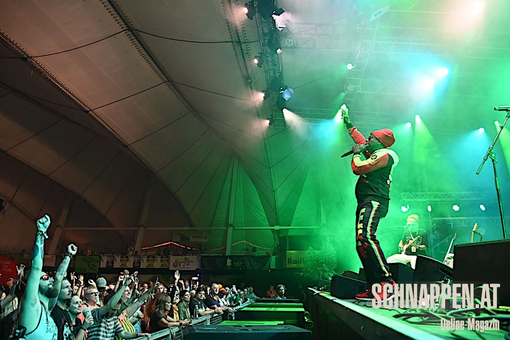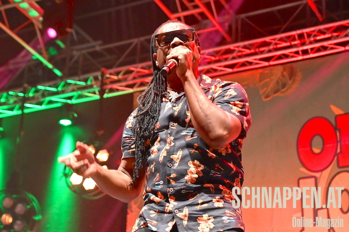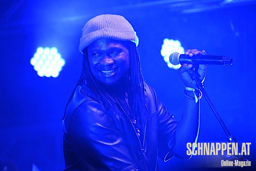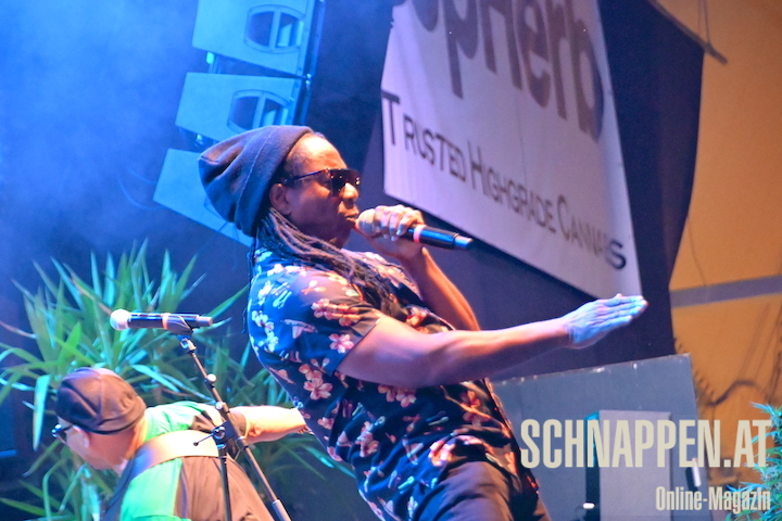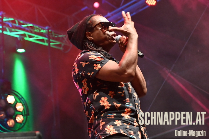 Neben dem grandiosen Sänger Aj Brown, betrat auch Kumar Fyah, der kurz zuvor einen Solo-Auftritt in Wiesen lieferte, die Bühne und sang einige Songs mit der "Third World"-Band. (Kumar Fyah, der Reggaesänger in Wiesen - hier)
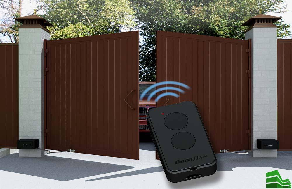Открывание въездной группы с помощью пульта автоматического управления, очень удобно. Оно позволяет управлять всей системой без необходимости покидать машину и подходить к створкам.
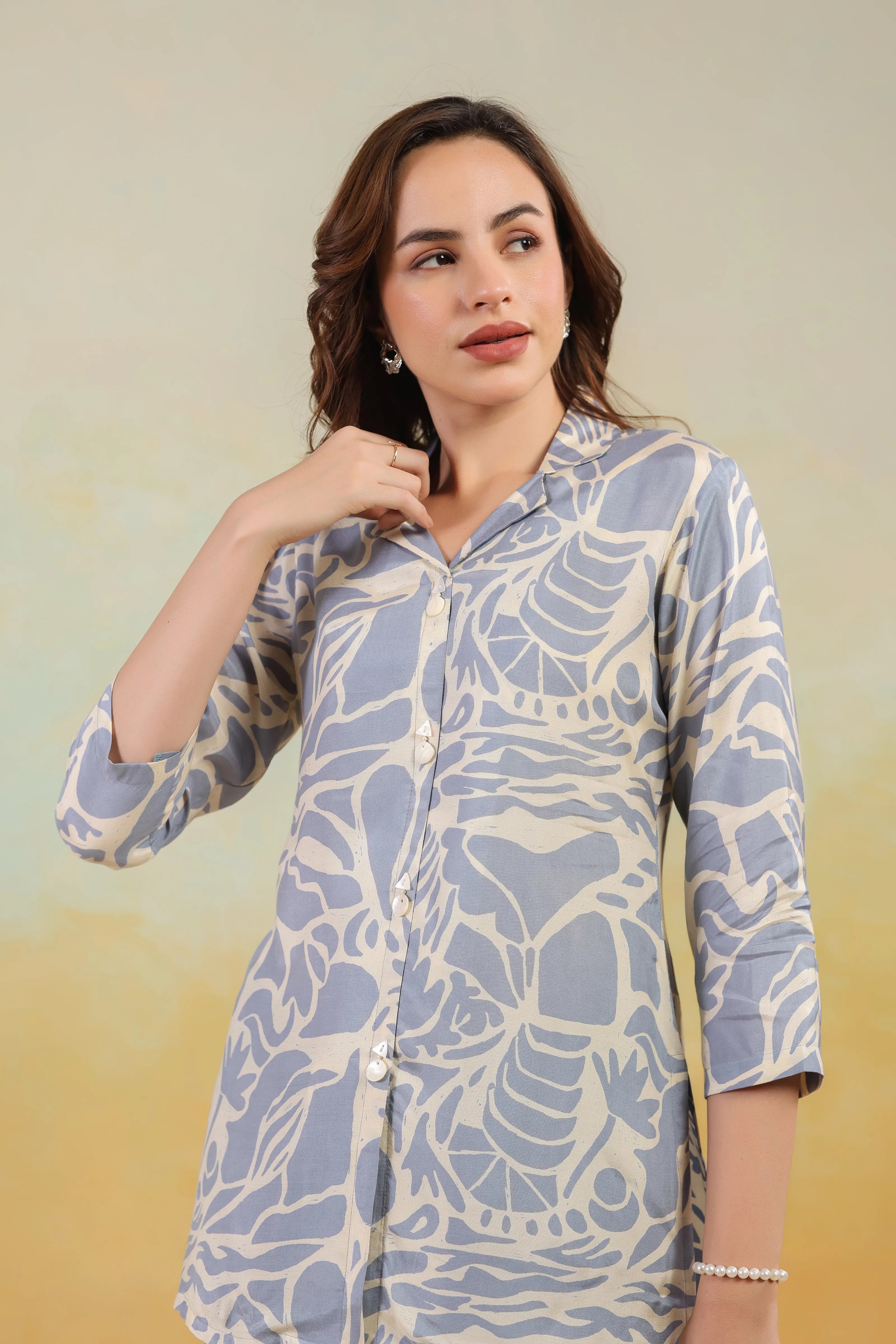 Cream & Grey Abstract Printed Tunic in Russian Silk
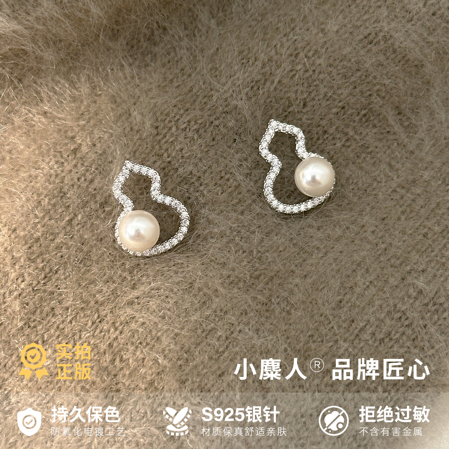 小麋人「福禄萦耳」925纯银贝珠葫芦银针耳钉女耳环耳饰小众爆款
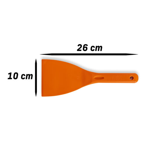 Da der Spachtel vollständig aus lebensmittelechtem Polymer gefertigt wird, ist er widerstandsfähig und spülmaschinengeeignet. Zudem wird deine Teigkiste – anders als bei einem Metallspachtel – nicht durch Kratzer beschädigt. Weitere Vorteile sind die Öse zum Aufhängen sowie die Daumen-Einkerbung für mehr Ergonomie. Der Spachtel hat eine Breite von 10 cm (ideal für Teiglinge bis zu 300 g).
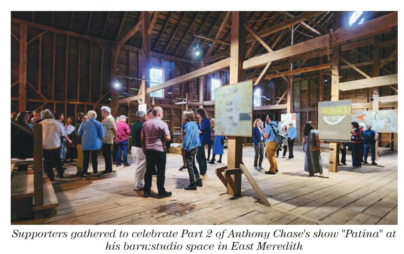 ANDES — Throngs of supporters gathered in East Meredith Saturday night for Part Two of Anthony Chase’s,show “Patina” with Hawk,+ Hive Gallery. The showopened with a traditional,reception at Hawk + Hivein Andes on August 3rd and,continued with an open studio,party at Chase’s newly,renovated studio and cathedral-like barn showcasing,eleven larger format paintings. It was quite the joyous,occasion complete with friends, collectors and fellow artists all vying to congratulate the artist, a delectable feast lovingly prepared by his wife Nini Ordoubadi and friends, and a DJ pumping beats in the barn. But the real showstopper was Chase’s stunning paintings.
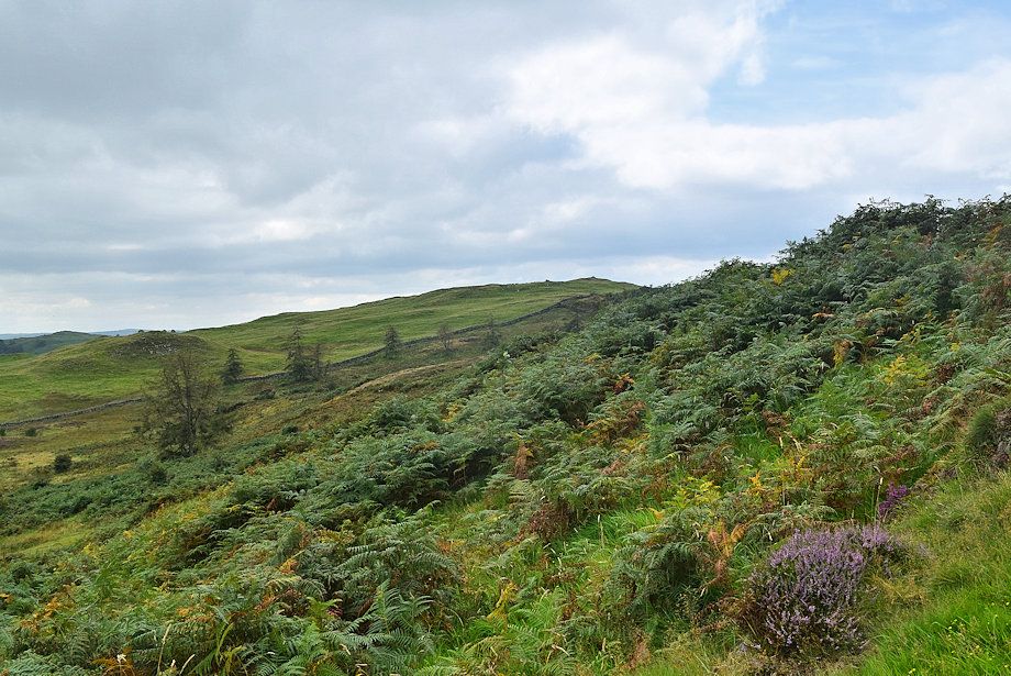 | A clear path path through the bracken leads up the true summit of Hugill Fell |
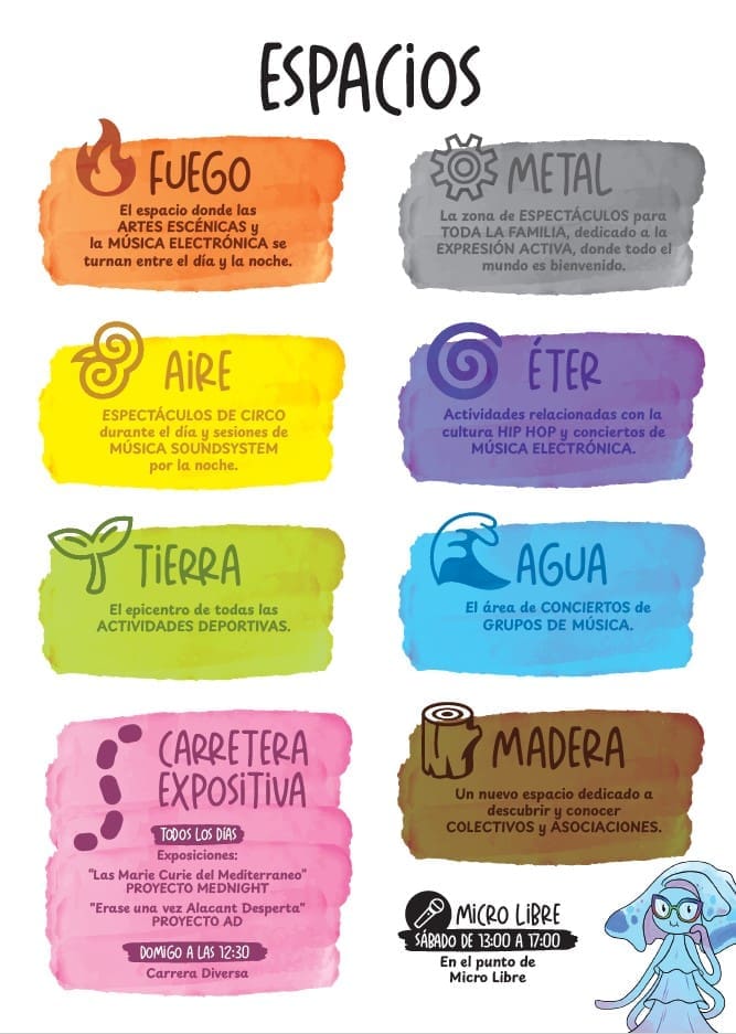Alacant Desperta dispondrá de siete escenarios: Fuego para artes escénicas de día y música electrónica de tarde y noche; Metal con una zona de espectáculos para toda la familia; Aire, con espectáculos de circo de día y sesiones de música soundsystem por la noche; Eter con actividades relacionadas con la cultura hip hop y la música electrónica; Tierra para todas las actividades y exhibiciones deportivas; Agua para conciertos de grupos musicales; y Madera, donde descubrir colectivos y asociaciones. A todo ello se suman dos exposiciones «Las Marie Curie del Mediterráneo”, Proyecto MedNight y «Érase una vez Alacant Desperta», proyecto AD.
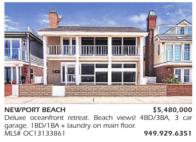 NEWPORT BEACH $5,480,000 Deluxe oceanfront retreat. Beach views! 4BD/3BA, 3 car garage. 1BD/1BA + laundry on main floor. MLS# OC13133861 949.929.6351
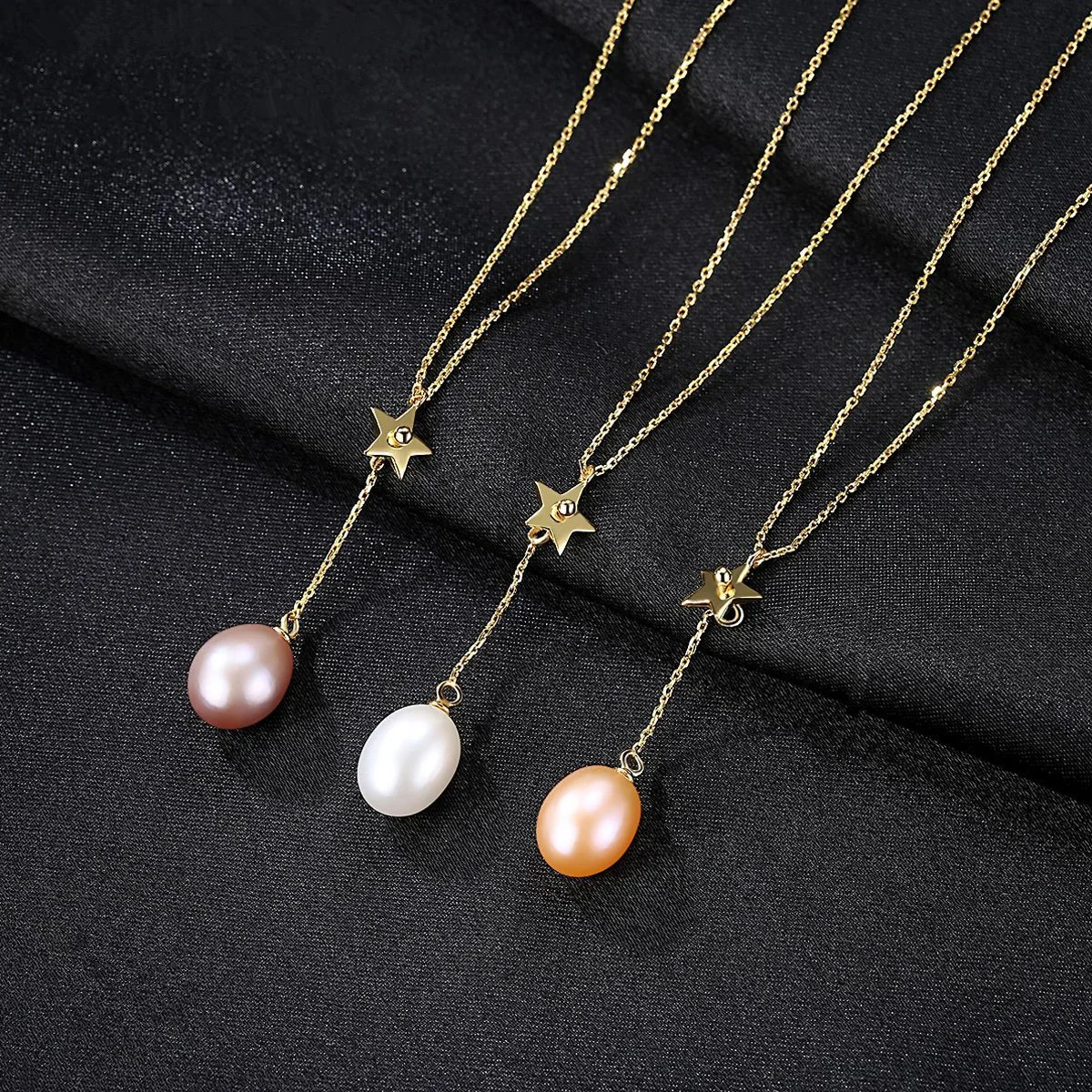 Genuine Fashion 925 Sterling Silver Necklace Natural Pentagram Pendant Necklace for Women Fine Jewelry Gift

> What to produce
Would you return the records exactly as written, minus any image?

> Solved problem
 Neben dem grandiosen Sänger Aj Brown, betrat auch Kumar Fyah, der kurz zuvor einen Solo-Auftritt in Wiesen lieferte, die Bühne und sang einige Songs mit der "Third World"-Band. (Kumar Fyah, der Reggaesänger in Wiesen - hier)
Открывание въездной группы с помощью пульта автоматического управления, очень удобно. Оно позволяет управлять всей системой без необходимости покидать машину и подходить к створкам.
 Cream & Grey Abstract Printed Tunic in Russian Silk
 小麋人「福禄萦耳」925纯银贝珠葫芦银针耳钉女耳环耳饰小众爆款
 Da der Spachtel vollständig aus lebensmittelechtem Polymer gefertigt wird, ist er widerstandsfähig und spülmaschinengeeignet. Zudem wird deine Teigkiste – anders als bei einem Metallspachtel – nicht durch Kratzer beschädigt. Weitere Vorteile sind die Öse zum Aufhängen sowie die Daumen-Einkerbung für mehr Ergonomie. Der Spachtel hat eine Breite von 10 cm (ideal für Teiglinge bis zu 300 g).
 ANDES — Throngs of supporters gathered in East Meredith Saturday night for Part Two of Anthony Chase’s,show “Patina” with Hawk,+ Hive Gallery. The showopened with a traditional,reception at Hawk + Hivein Andes on August 3rd and,continued with an open studio,party at Chase’s newly,renovated studio and cathedral-like barn showcasing,eleven larger format paintings. It was quite the joyous,occasion complete with friends, collectors and fellow artists all vying to congratulate the artist, a delectable feast lovingly prepared by his wife Nini Ordoubadi and friends, and a DJ pumping beats in the barn. But the real showstopper was Chase’s stunning paintings.
 | A clear path path through the bracken leads up the true summit of Hugill Fell |
Alacant Desperta dispondrá de siete escenarios: Fuego para artes escénicas de día y música electrónica de tarde y noche; Metal con una zona de espectáculos para toda la familia; Aire, con espectáculos de circo de día y sesiones de música soundsystem por la noche; Eter con actividades relacionadas con la cultura hip hop y la música electrónica; Tierra para todas las actividades y exhibiciones deportivas; Agua para conciertos de grupos musicales; y Madera, donde descubrir colectivos y asociaciones. A todo ello se suman dos exposiciones «Las Marie Curie del Mediterráneo”, Proyecto MedNight y «Érase una vez Alacant Desperta», proyecto AD.
 NEWPORT BEACH $5,480,000 Deluxe oceanfront retreat. Beach views! 4BD/3BA, 3 car garage. 1BD/1BA + laundry on main floor. MLS# OC13133861 949.929.6351
 Genuine Fashion 925 Sterling Silver Necklace Natural Pentagram Pendant Necklace for Women Fine Jewelry Gift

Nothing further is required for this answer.